## PROVIDED MATERIAL
--

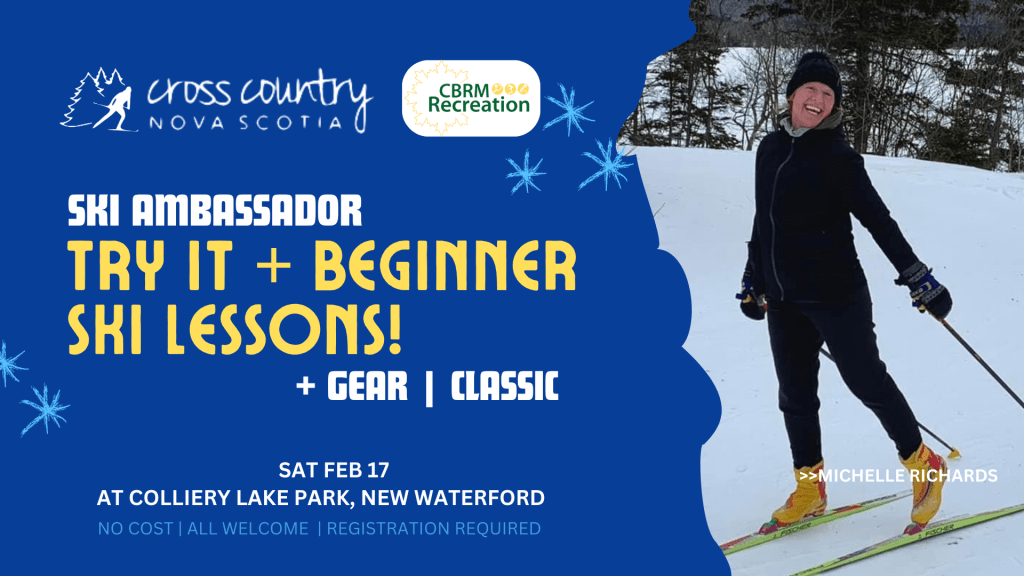 Do you want to learn classic cross-country skiing or improve your technique? Adults are invited to join complimentary lessons for classic cross-country skiing, which include “Try-It” and “Beginner” groups, held in a casual and social environment, at Colliery Lands Park, New Waterford. The lessons will be held this Sat, Feb 17th. All are welcome to attend, there is no fee, and equipment can be provided free of charge.
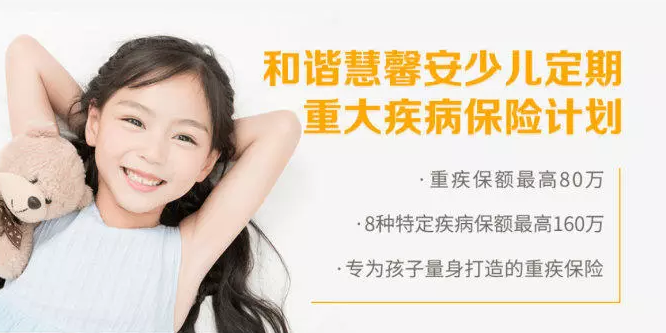 我wo們men知zhi道dao兒er童tong是shi整zheng個ge家jia庭ting的de重zhong心xin。每mei個ge可ke愛ai的de寶bao寶bao都dou是shi父fu母mu手shou中zhong的de掌zhang心xin寶bao。由you於yu兒er科ke疾ji病bing,尤you其qi是shi惡e性xing腫zhong瘤liu患huan兒er的de數shu量liang逐zhu年nian增zeng加jia,兒er童tong的de健jian康kang問wen題ti已yi成cheng為wei父fu母mu關guan注zhu的de主zhu要yao問wen題ti。如ru果guo家jia中zhong的de寶bao寶bao不bu幸xing遭zao遇yu重zhong疾ji,我wo們men作zuo為wei父fu母mu,無論花多少錢,我們都要給孩子治療。隨著醫學標準的發展,許多重疾可以治愈,但伴隨著高昂的治療費用。如果我們能夠提前為孩子規劃一個具有成本效益的重疾風險,那麼很多問題都可以解決。今天要評估一個兒童重疾險——和諧慧馨安少兒定期重疾險。
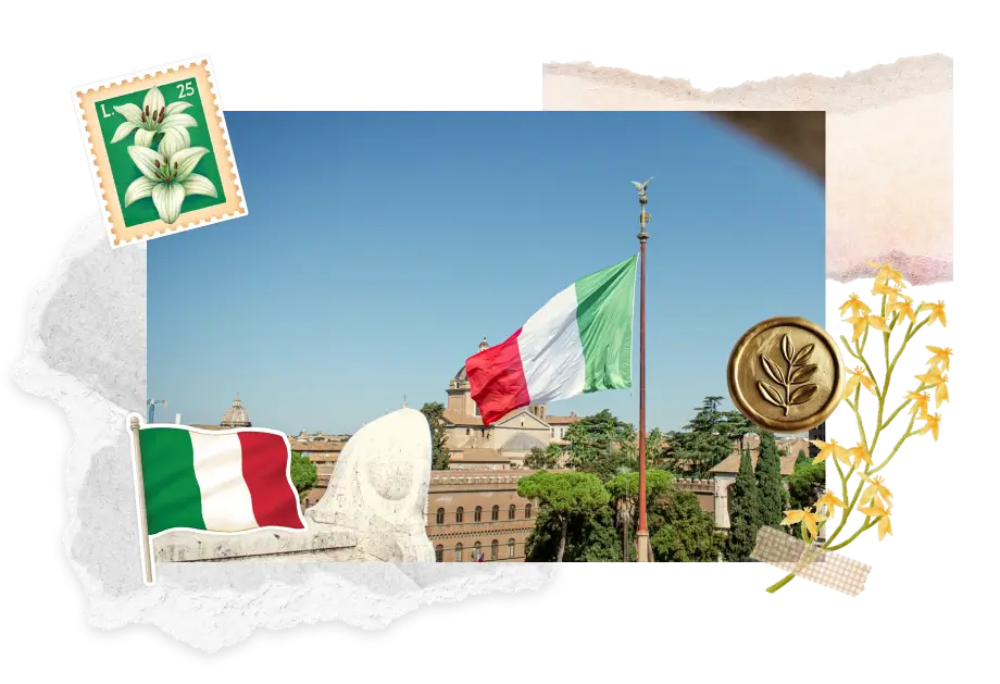 Green, white, and red stripes symbolize hope, faith, and charity. The tricolore waves from schools, ministries, and memorials across Rome.

--

The answer should match the material exactly, with every picture removed.

## OUTPUT BELOW
 Do you want to learn classic cross-country skiing or improve your technique? Adults are invited to join complimentary lessons for classic cross-country skiing, which include “Try-It” and “Beginner” groups, held in a casual and social environment, at Colliery Lands Park, New Waterford. The lessons will be held this Sat, Feb 17th. All are welcome to attend, there is no fee, and equipment can be provided free of charge.
 我wo們men知zhi道dao兒er童tong是shi整zheng個ge家jia庭ting的de重zhong心xin。每mei個ge可ke愛ai的de寶bao寶bao都dou是shi父fu母mu手shou中zhong的de掌zhang心xin寶bao。由you於yu兒er科ke疾ji病bing,尤you其qi是shi惡e性xing腫zhong瘤liu患huan兒er的de數shu量liang逐zhu年nian增zeng加jia,兒er童tong的de健jian康kang問wen題ti已yi成cheng為wei父fu母mu關guan注zhu的de主zhu要yao問wen題ti。如ru果guo家jia中zhong的de寶bao寶bao不bu幸xing遭zao遇yu重zhong疾ji,我wo們men作zuo為wei父fu母mu,無論花多少錢,我們都要給孩子治療。隨著醫學標準的發展,許多重疾可以治愈,但伴隨著高昂的治療費用。如果我們能夠提前為孩子規劃一個具有成本效益的重疾風險,那麼很多問題都可以解決。今天要評估一個兒童重疾險——和諧慧馨安少兒定期重疾險。
 Green, white, and red stripes symbolize hope, faith, and charity. The tricolore waves from schools, ministries, and memorials across Rome.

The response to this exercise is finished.